* **Work instruction**
Write out the records below exactly as they appear, skipping each picture.

* **Record extracts**

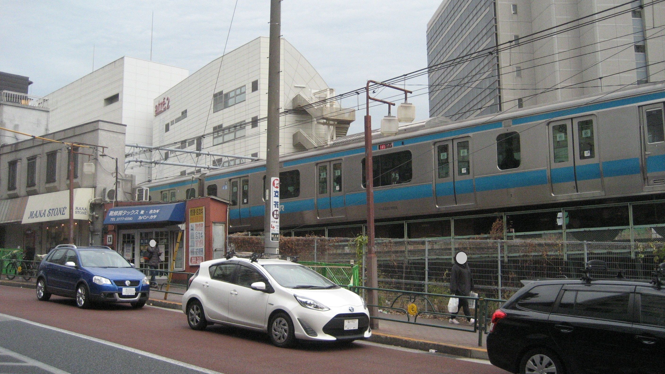 少しの間だけ、池上通りとJR線路が隣り合わせになります。通過中は京浜東北でしょうか? 最近、電車はタイミングよく走ってくれます。
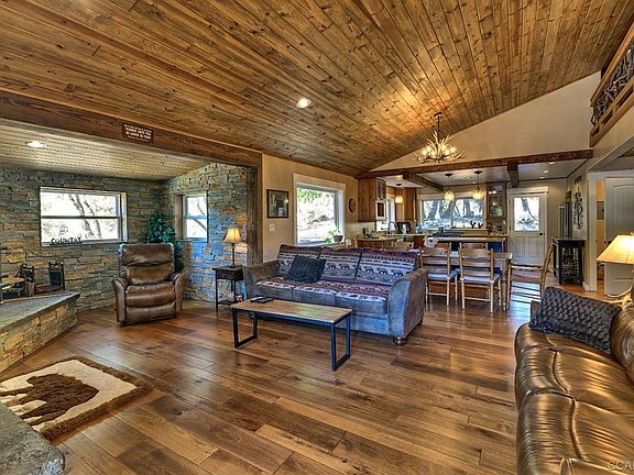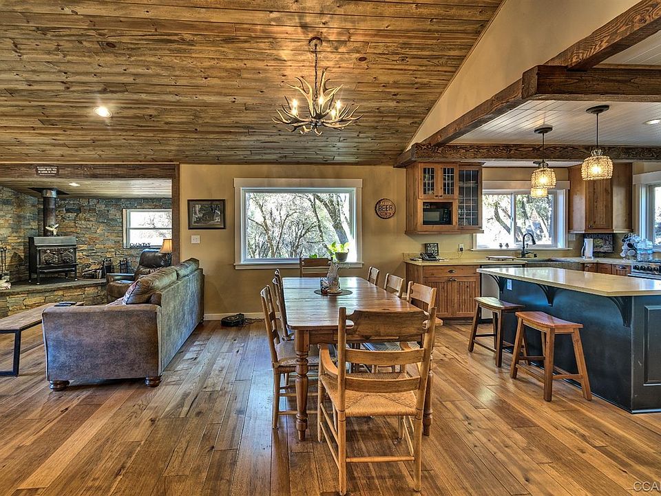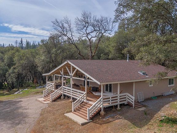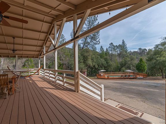 Spectacular home on 40 private acres zoned Unclassified. This home features modern Ranch style home with all the updates: Custom cabinets, Quarts counter-tops, Copper sinks, large pool with deck, fenced for animals, 6 stall horse barn, shop, utility shed, 2 wells-one well that pumps 35 GPM, seasonal pond and the creek that runs through the corner of the property. This one of a kind property features lovely valley setting around the home with irrigation on about an acre, fantastic hill top pad with plenty of trees and sun. Entertain on your huge front porch or just relax and watch the turkey and dear play in natures parricide. Paved road with private gated entrance close to the town of Mountain Ranch. Includes full RV hookups.
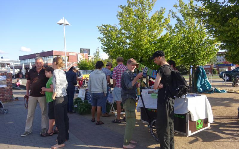 Vor dem Schiff wird es lebendig – der Markt der Alternativen baut auf. Verschiedene lokale Initiativen wie der Weltladen, die Bunten Höfe und der AK Backstube berichten von ihrer Arbeit und haben einige Kostproben dabei. Robin Wood ist ebenfalls mit einem Info-Stand am Start.
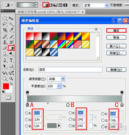 14、选择工具箱渐变工具(快捷键G),在工具选项栏中设置为线性渐变,然后点按可编辑渐变,弹出渐变编辑器。双击如图2-66中的A处,设置色彩RGB分别为122、134、134,再双击图2-66中所示的B处,设置色彩RGB分别为241、242、242,再双击图2-66中所示的C处,设置色彩RGB分别为149、166、165,单击确定按钮,按键盘快捷键
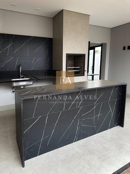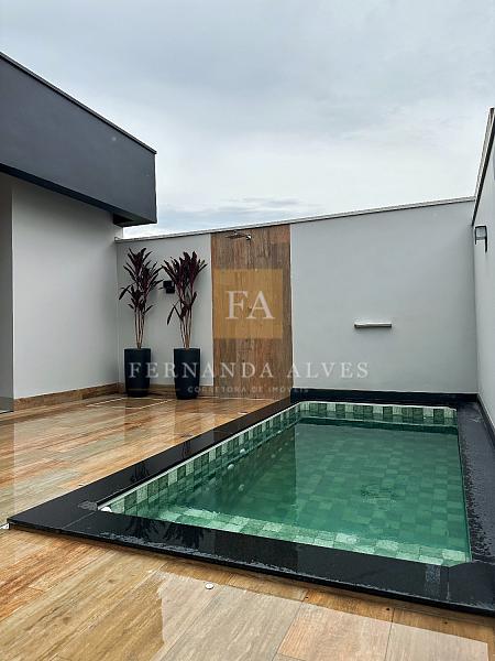 Excelente casa recém-construída com com excelente acabamento. A casa conta com 465 m² de terreno e 238 m² de área construída em ótima localização e possui 3 suítes, sendo 1 master com closet, banheiro com pia dupla, ampla sala com pé direito alto living integrado, completa em esquadrias, iluminação em led, com cozinha americana revestida em mármore calacata, espaço home Office, ampla área gourmet, com banheiro churrasqueira, piscina revestida garagem para 2 carros coberta.
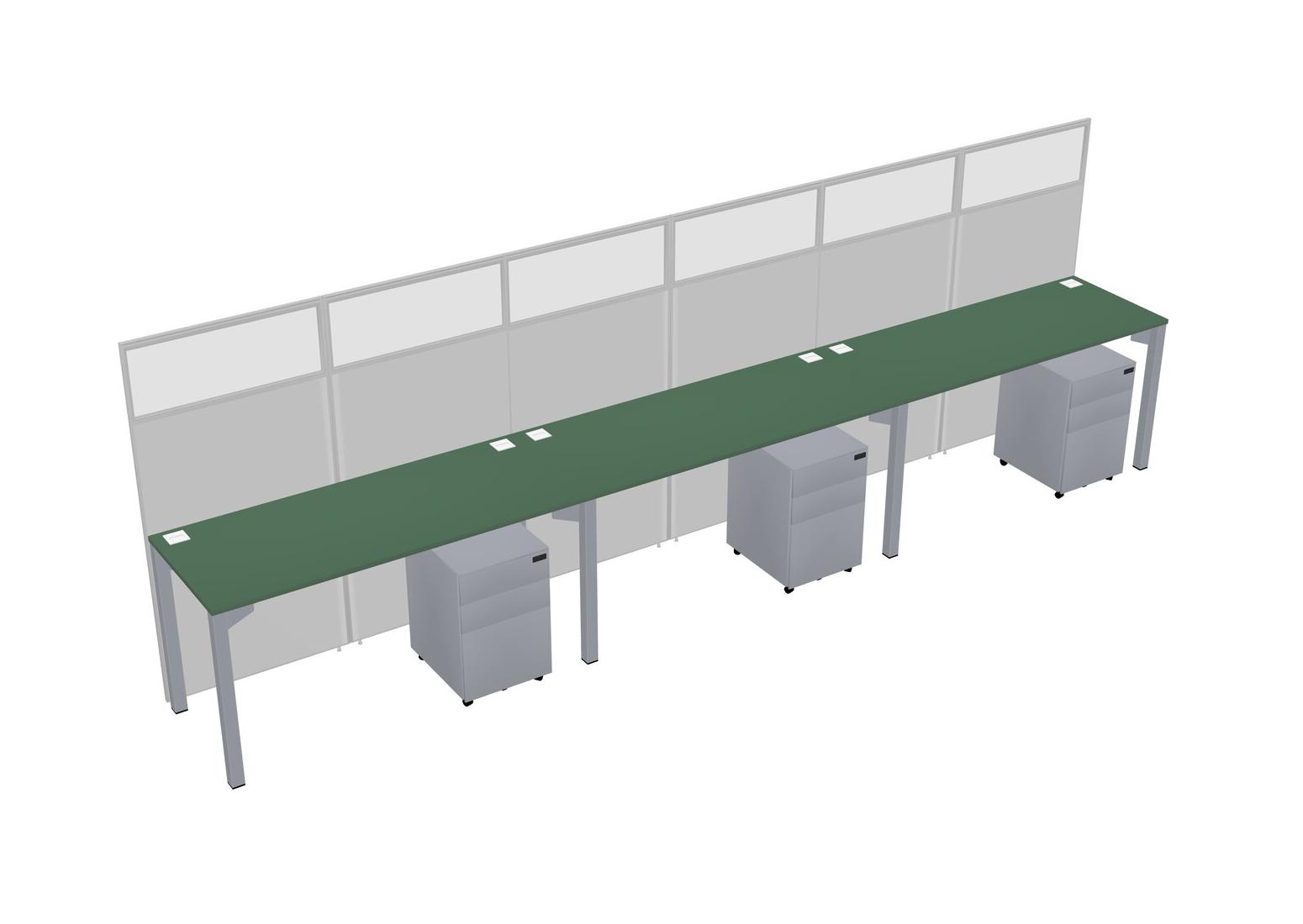 Green Shared Rectangular Office Cubicle Panel System With Mobile Drawers For 3 Persons
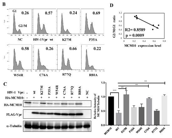 Finally, quantitative data related to MCM10 degradation profiles and G2/M:G1 ratios, associated with Vpr mutants, indicated a high correlation (R2 = 0.8589; p = 0.0009) with each of the functions tested (Figure 8D). The G2/M arrest function of HIV-1 Vpr was specifically correlated with MCM10 degradation. By contrast, R77Q, an apoptosis induction-deficient mutant, downregulated MCM10 expression, demonstrating that MCM10 expression levels were not affected by the apoptosis function of HIV-1 Vpr. Another mutant P35A, which lost the Vpr oligomerization function, also failed to reverse MCM10 degradation.
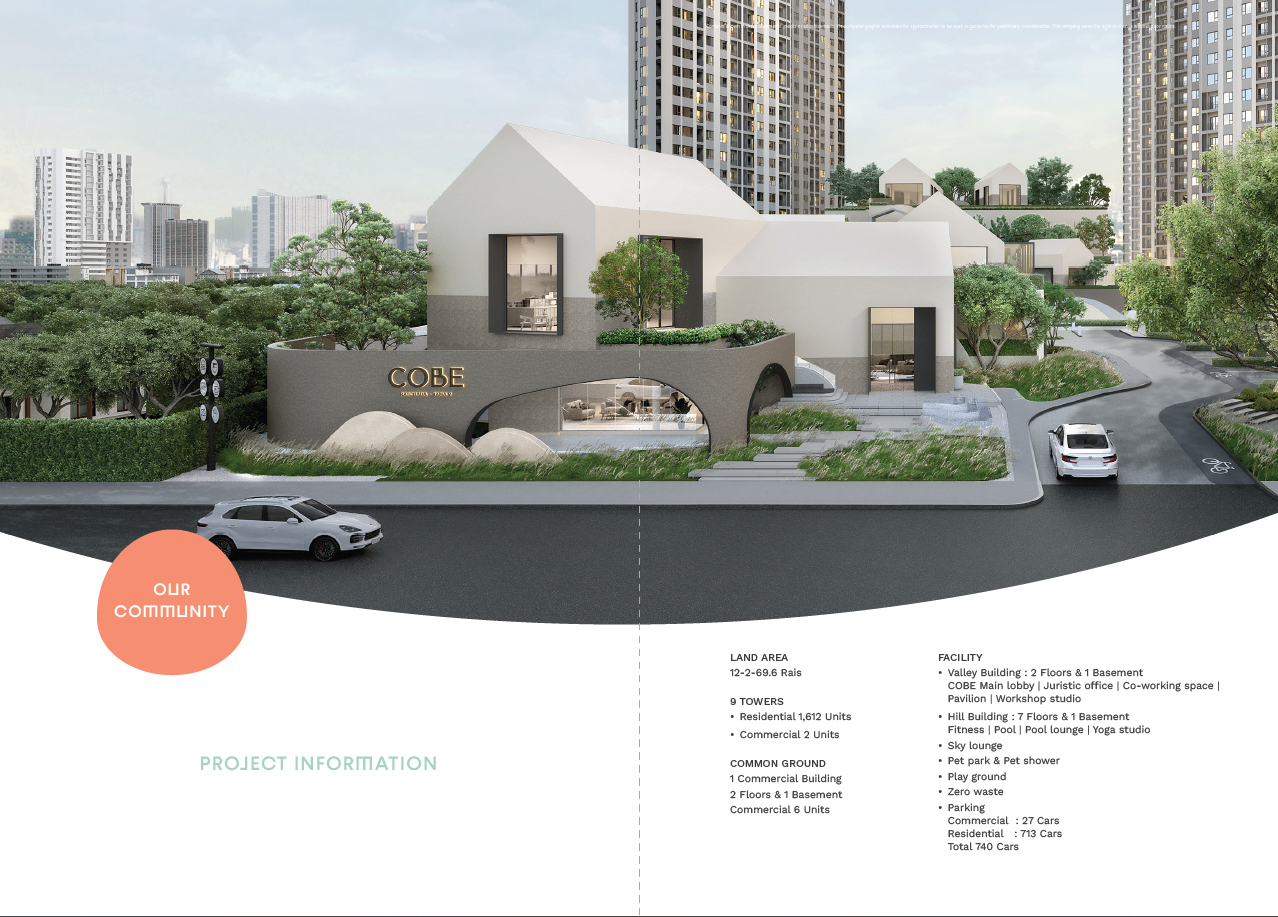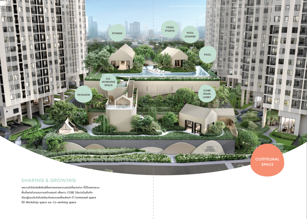泰國知名建商SC Asset為新一代年輕人所推出的全新品牌,專為發展社區生活形態的居住空間而設計。其最大特色是它的社區活動,你可以參加各種興趣社團,如咖啡愛好者、遊戲愛好者、寵物愛好者等,與志同道合的人交流和學習。也可以參與市集活動,買賣你的手工藝品或二手物品,或者享受心理健康諮詢等服務,讓你的心靈得到療癒。COBE的主要目標是為都會人口創造出卓越的公共空間,並致力於打造一個永續的居住社區。
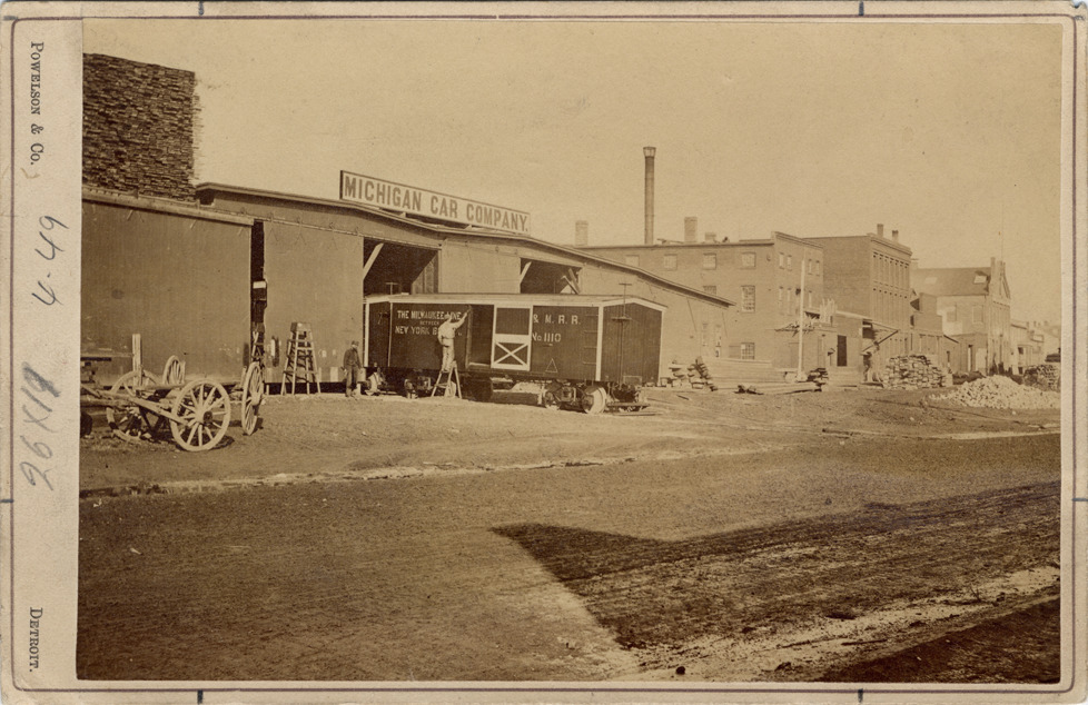 Exterior of Michigan Car Company building. Railroad car protrudes from warehouse door; man stands on stepladder painting side of car which reads: "The Milwaukee Line, between New York and..." Dirt road in foreground and other businesses down street. Printed on front: "Powelson & Co., Detroit." Handwritten on back: "McMillan & Newberry." Printed on back: "Powelson & Co., Opera House Gallery, Detroit, Michigan."

* **Result of the exercise**
 少しの間だけ、池上通りとJR線路が隣り合わせになります。通過中は京浜東北でしょうか? 最近、電車はタイミングよく走ってくれます。
 Spectacular home on 40 private acres zoned Unclassified. This home features modern Ranch style home with all the updates: Custom cabinets, Quarts counter-tops, Copper sinks, large pool with deck, fenced for animals, 6 stall horse barn, shop, utility shed, 2 wells-one well that pumps 35 GPM, seasonal pond and the creek that runs through the corner of the property. This one of a kind property features lovely valley setting around the home with irrigation on about an acre, fantastic hill top pad with plenty of trees and sun. Entertain on your huge front porch or just relax and watch the turkey and dear play in natures parricide. Paved road with private gated entrance close to the town of Mountain Ranch. Includes full RV hookups.
 Vor dem Schiff wird es lebendig – der Markt der Alternativen baut auf. Verschiedene lokale Initiativen wie der Weltladen, die Bunten Höfe und der AK Backstube berichten von ihrer Arbeit und haben einige Kostproben dabei. Robin Wood ist ebenfalls mit einem Info-Stand am Start.
 14、选择工具箱渐变工具(快捷键G),在工具选项栏中设置为线性渐变,然后点按可编辑渐变,弹出渐变编辑器。双击如图2-66中的A处,设置色彩RGB分别为122、134、134,再双击图2-66中所示的B处,设置色彩RGB分别为241、242、242,再双击图2-66中所示的C处,设置色彩RGB分别为149、166、165,单击确定按钮,按键盘快捷键
 Excelente casa recém-construída com com excelente acabamento. A casa conta com 465 m² de terreno e 238 m² de área construída em ótima localização e possui 3 suítes, sendo 1 master com closet, banheiro com pia dupla, ampla sala com pé direito alto living integrado, completa em esquadrias, iluminação em led, com cozinha americana revestida em mármore calacata, espaço home Office, ampla área gourmet, com banheiro churrasqueira, piscina revestida garagem para 2 carros coberta.
 Green Shared Rectangular Office Cubicle Panel System With Mobile Drawers For 3 Persons
 Finally, quantitative data related to MCM10 degradation profiles and G2/M:G1 ratios, associated with Vpr mutants, indicated a high correlation (R2 = 0.8589; p = 0.0009) with each of the functions tested (Figure 8D). The G2/M arrest function of HIV-1 Vpr was specifically correlated with MCM10 degradation. By contrast, R77Q, an apoptosis induction-deficient mutant, downregulated MCM10 expression, demonstrating that MCM10 expression levels were not affected by the apoptosis function of HIV-1 Vpr. Another mutant P35A, which lost the Vpr oligomerization function, also failed to reverse MCM10 degradation.
泰國知名建商SC Asset為新一代年輕人所推出的全新品牌,專為發展社區生活形態的居住空間而設計。其最大特色是它的社區活動,你可以參加各種興趣社團,如咖啡愛好者、遊戲愛好者、寵物愛好者等,與志同道合的人交流和學習。也可以參與市集活動,買賣你的手工藝品或二手物品,或者享受心理健康諮詢等服務,讓你的心靈得到療癒。COBE的主要目標是為都會人口創造出卓越的公共空間,並致力於打造一個永續的居住社區。
 Exterior of Michigan Car Company building. Railroad car protrudes from warehouse door; man stands on stepladder painting side of car which reads: "The Milwaukee Line, between New York and..." Dirt road in foreground and other businesses down street. Printed on front: "Powelson & Co., Detroit." Handwritten on back: "McMillan & Newberry." Printed on back: "Powelson & Co., Opera House Gallery, Detroit, Michigan."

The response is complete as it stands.